Although not mandatory for other tenants, the National Cabinet have expressed a desire for the Code to nonetheless be applied to all leasing arrangements for businesses affected by COVID-19. The Code is intended to apply during the period of the COVID-19 and a reasonable subsequent recovery period (Code Period).
The following are the key principles that landlords and tenants must consider in negotiating amendments to existing leasing arrangements:
Good faith: All negotiations must be in good faith.
Collaboration: Parties should work together to ensure business continuity and to facilitate resumption of business after COVID-19. This includes reaching mutually appropriate temporary leasing arrangements through open and transparent sharing of relevant information and assisting in dealings with other stakeholders such as banks and governments.
Regard to COVID-19 implications on business: Agreed arrangements between parties must account for COVID-19’s impact on the tenant’s business including revenue, expenses and profitability. Consideration must be had to whether the tenant is in administration or receivership.
Unique arrangements: Arrangements must be dealt with on a case-by-case basis, including determinations around rent and lease terms.
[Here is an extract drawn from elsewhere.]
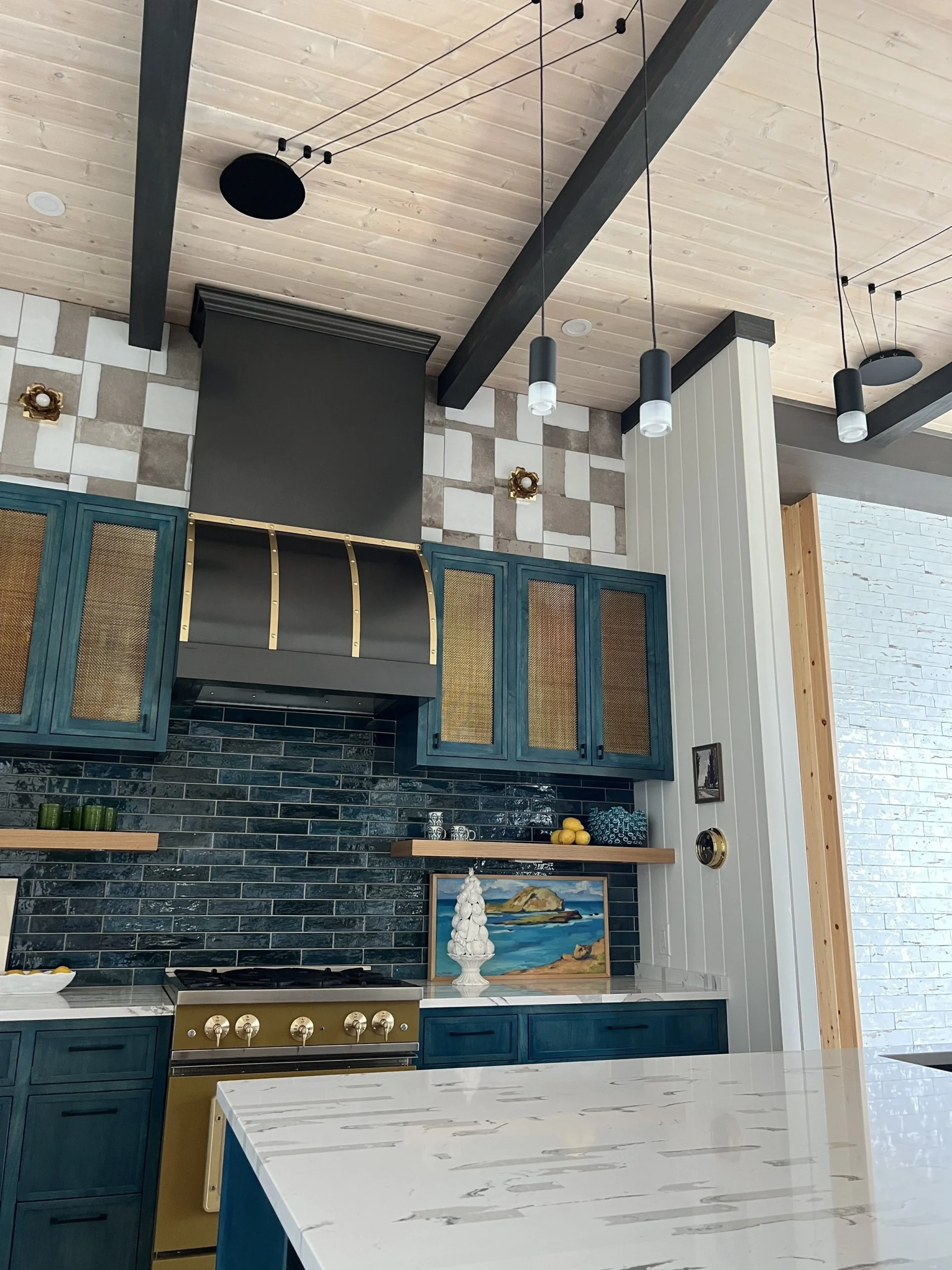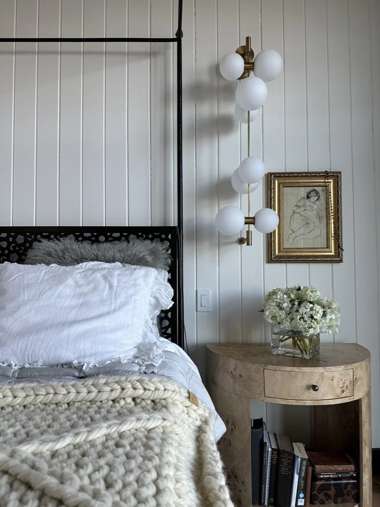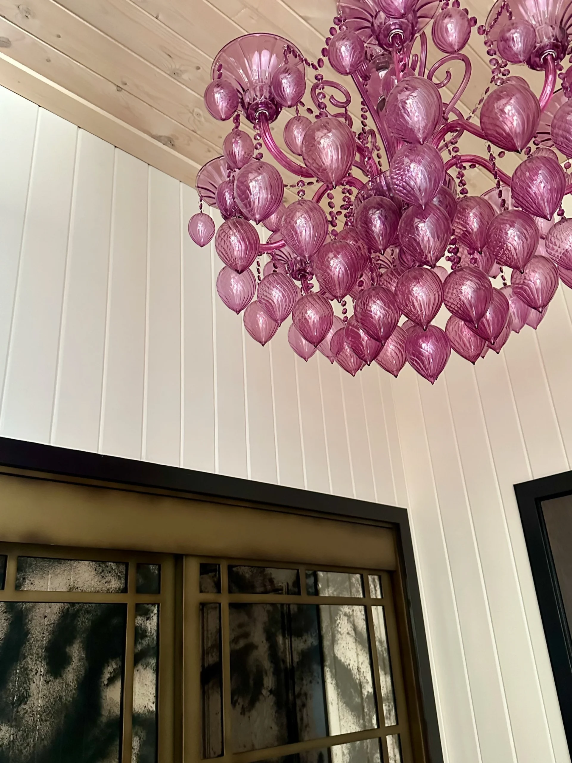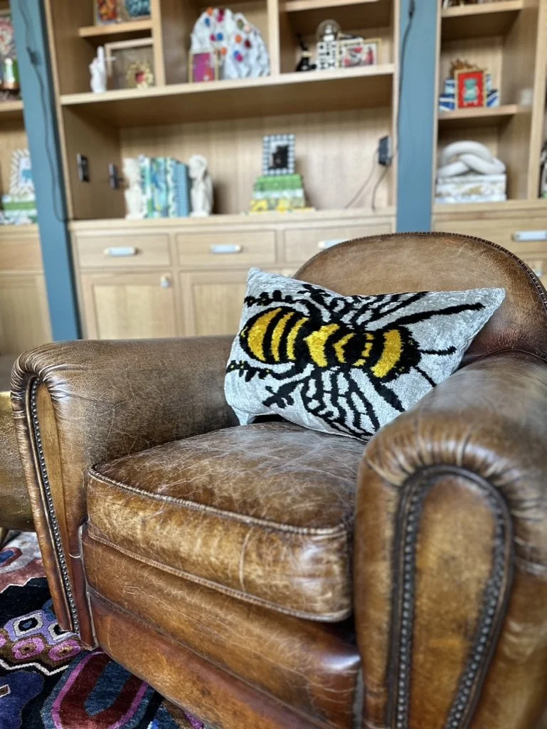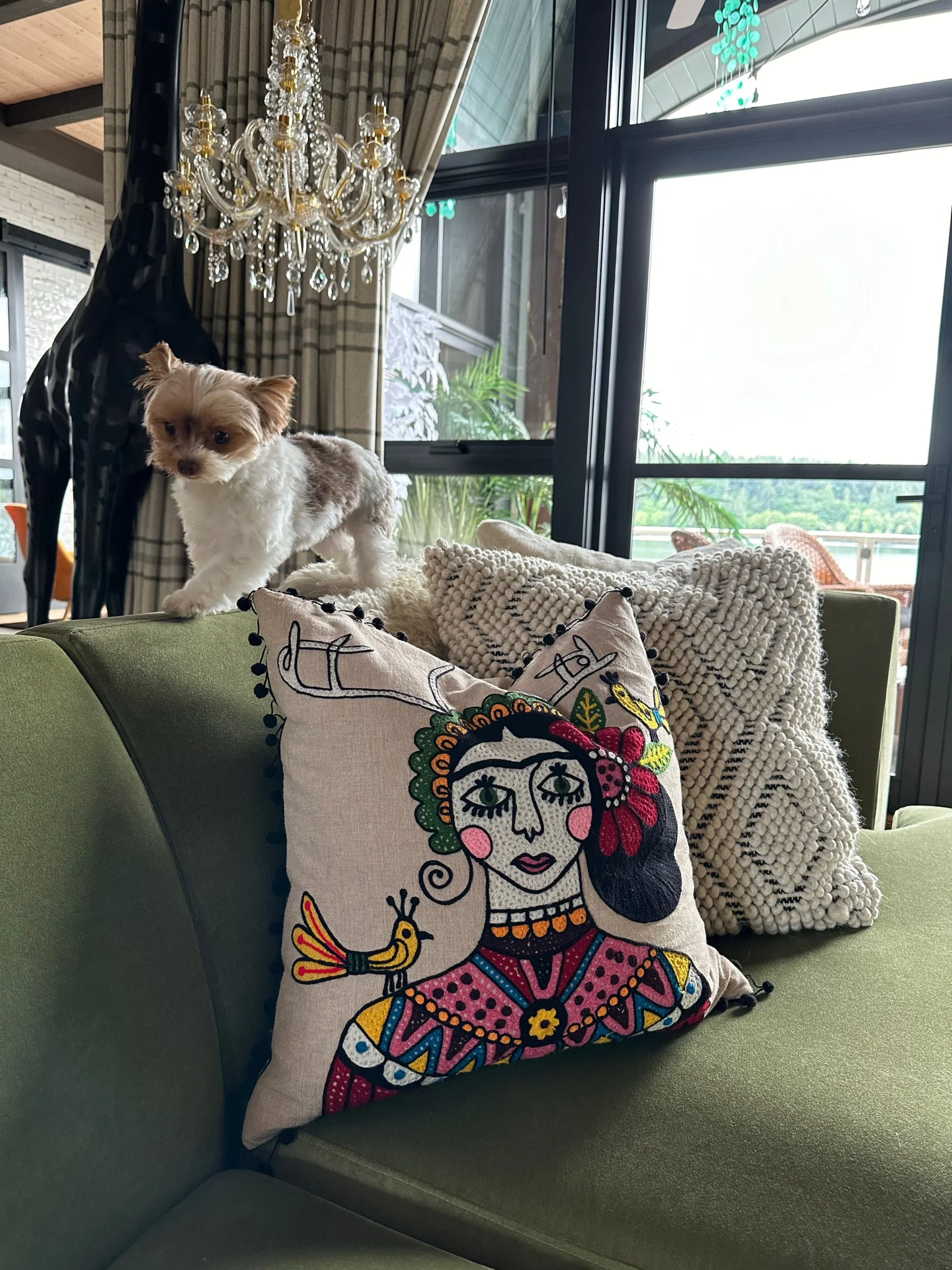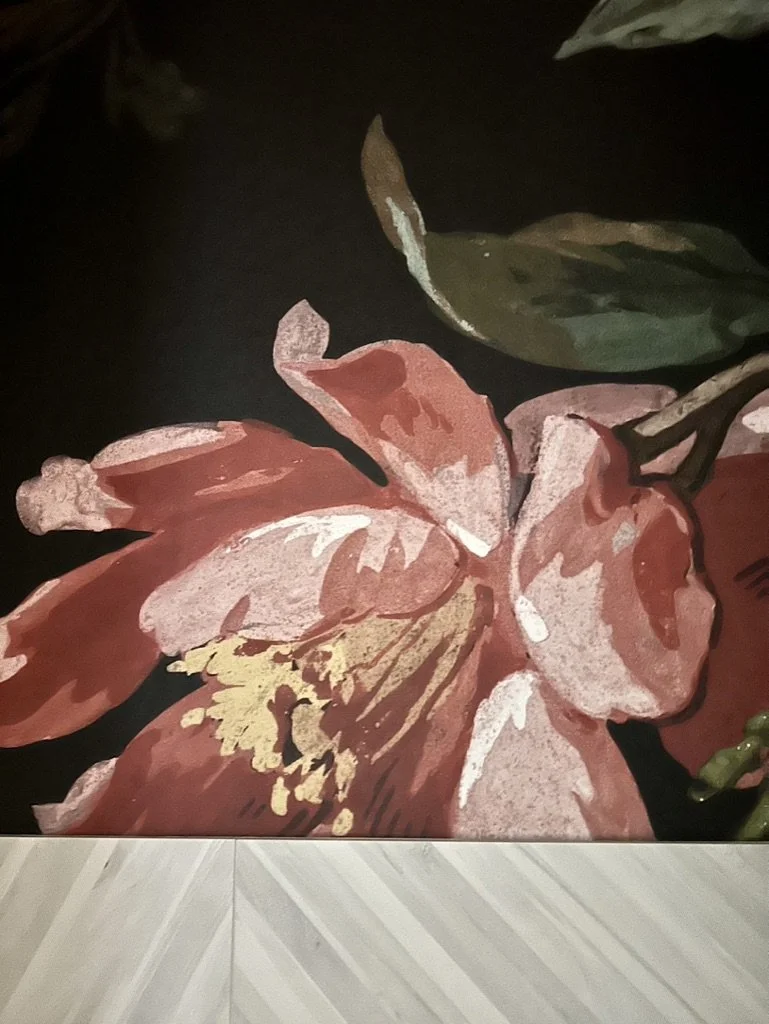 What began as a simple paint consultation for the primary bathroom quickly evolved into a full-scale, whole-house transformation. Every surface was reimagined—from walls to ceilings, floors to furnishings. Wide plank reclaimed flooring grounds the home, while 10-foot metal-and-glass barn doors create dramatic passages between spaces. Enormous glass chandeliers punctuate rooms with lighthearted grandeur, while custom furniture, draperies, rugs, and original artwork infuse personality throughout. Bold, playful wallpapers and layered textures bring energy and visual delight to every corner. Architectural details—including arched doorways, a river rock fireplace, and a soapstone-clad fireplace in the primary suite—add depth and tactile richness. In the powder room, a pink and brown onyx floating vanity serves as a sculptural centerpiece, combining luxury with utility, while in the primary bath, the massive birds-and-flowers wallpaper mural makes us feel Lilliputian by comparison. The design balances modern interventions with material-driven warmth, resulting in a home that is visually captivating, playful, and richly layered. And the cherry on top? A 7-foot-tall giraffe holding an Italian crystal chandelier in its mouth.

Principles specific to landlords
The following are principles that landlords are obliged to follow as soon as practicable and on a case-by-case basis:
Landlords must not terminate leases due to non-payment of rent during the Code Period.
Whilst the Code does not prevent termination of leases for other breaches, landlords should take into account the overarching principles of the Code before taking such action.
2. Rent reductions, waivers and deferrals:
Landlords must offer tenants proportionate reductions in rent in the form of waivers and deferrals of up to 100% of the amount ordinarily payable. Rental waivers must constitute at least 50% of the total reduction in rent payable, although this may be waived by the tenant. A case study of how the rent reductions work is outlined at the end of this article.
Importantly, rental waivers may need to be greater than 50% if that is required to ensure the tenant has the capacity to fulfil its ongoing obligations under the lease. However, any such increase to the rental waiver must take into account the landlord’s financial position.
Rental deferrals must be amortised over, whichever is greater between, the balance of the term and the period of no less than 24 months. The repayment period cannot commence until the earlier of the end of the Code Period and the expiry of the lease.
No fees, interest or other charges may be applied with respect to rent waived but the Code contemplates allowing interest to be charged on deferrals of rent provided the rate is not punitive.
The landlord must provide the tenant with an opportunity to extend the lease for a period equivalent to the rent waiver and/or deferral period. However, the reverse position is not contemplated by the Code, meaning landlords cannot require tenants to extend lease terms in return for the waivers and deferrals of rent.
3. Passing on benefits: Landlords must seek to pass on to tenants the benefits received, including:
any reduction in charges such as land tax, council rates and insurance (in the appropriate proportion determined with respect to the lease). This will result in a net position for landlords where leases allow for recovery of outgoings, but it is unclear how it is to be applied to tenants paying a gross rent; and
benefits it receives due to deferral of loan payments, including those provided by a bank or other financial institution. To this end, the New South Wales and Queensland Governments have announced that their respective legislative enactments will provide for a 25% discount on land tax for the 2020 calendar year which will be passed on to tenants as a form of rent relief. Further details will be provided as the legislative landscape evolves.
4. Security / bank guarantee: A landlord cannot call on a tenant’s security during the Code Period for non-payment of rent, including any claim on cash bonds, bank guarantees or personal guarantees. The Code does not prevent landlords calling on security in respect of other breaches but it is possible the legislation may extend the prohibition.
5. No rent increases: Landlords must agree to a freeze on rent increases for the Code Period (except for retail leases based on turnover rent).
6. Other key considerations:
Tenants may reduce opening hours or cease trading without being in breach of their leases. Landlords may not impose any levy or penalty if tenants reduces opening hours or cease to trade due to COVID-19.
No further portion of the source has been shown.